Olhando agora para o território de Guimarães, temos o Plano de Mobilidade Urbana Sustentável (PMUS) como referência estratégica para a “cidade ciclável”, mas também este se tem revelado como pouco mais que um adereço e ineficaz para o cumprimento das metas. Apesar de lá estar programada uma rede ciclável, o investimento em infraestruturas tem sido fragmentado, desvirtuado e muitas das vezes inútil. Já foram gastos mais de 5 milhões de euros sem qualquer incremento substancial em termos de facilidades e segurança para quem quer usar a bicicleta como forma diária de se deslocar. Note-se que a ENMAC-2030 tem como meta que em contexto citadino 1 em cada 25 deslocações diárias para a escola ou trabalho seja feita em bicicleta, mas que em Guimarães o rácio atual é de 1 em cada 455 deslocações.

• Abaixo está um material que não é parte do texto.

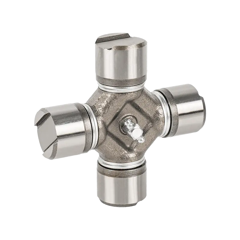 A Universal Joint (U-Joint) ay isang mekanikal na sangkap na nag -uugnay sa dalawang shaft, na nagpapahintulot sa kanila na magpadala ng rotary motion sa iba't ibang mga anggulo. Ang U-joint ay mahalaga para sa paglilipat ng kapangyarihan mula sa makina hanggang sa mga gulong, lalo na sa drivetrains , kung saan ang kapangyarihan ay dapat maipadala sa mga anggulo, tulad ng sa drive shaft ng mga sasakyan sa likuran-wheel-drive. Ang mga U-joint ay matatagpuan sa mga kotse, trak, mga sasakyan sa labas ng kalsada, at makinarya ng agrikultura, at pinapayagan nila ang kakayahang umangkop sa pag-ikot ng mga shaft nang hindi nagiging sanhi ng pilay sa mga sangkap ng drivetrain ng sasakyan.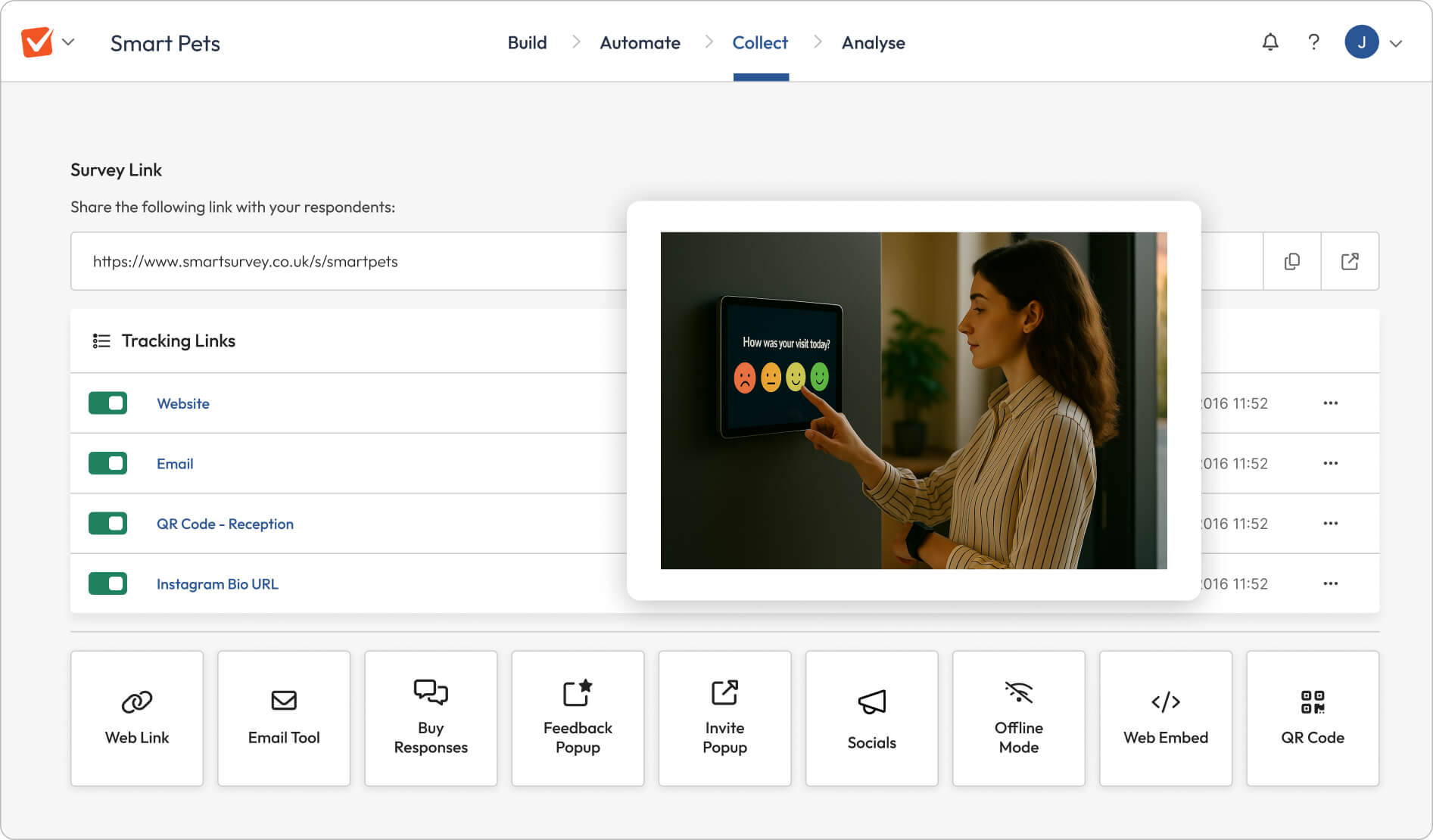 Use popups, intercepts, and embeds to capture feedback in the moment.

O PMUS anuncia um planeamento de mobilidade de 3ª geração, assente no peão e no ciclista, mas ainda assim, a proposta de requalificação da Avenida D. João IV não lhes dá qualquer primazia, colocando-os até em conflito pela partilha de espaço. A premissa basilar para o desenho da proposta foi “não retirar estacionamento”!
Esta discrepância, entre a estratégia anunciada e a execução prática das políticas públicas de mobilidade ciclável, que ocorre aos vários níveis de governação e em praticamente todo o território nacional, é uma óbvia hipocrisia, que de tão recorrente se vai impondo, perigosamente, como admissível e até natural.
No meu entender, esta prática constitui um autêntico roubo! Um roubo de tempo, de sonhos e de oportunidades.
No belo e dramático clássico do cinema mundial “Ladrões de Bicicletas”, a esperança de António é frustrada por uma quadrilha de ladrões que lhe rouba a bicicleta. Inspirado no filme, este texto sou eu a gritar “al ladro, al ladro!”, num alerta e pedido de ajuda para impedir o roubo.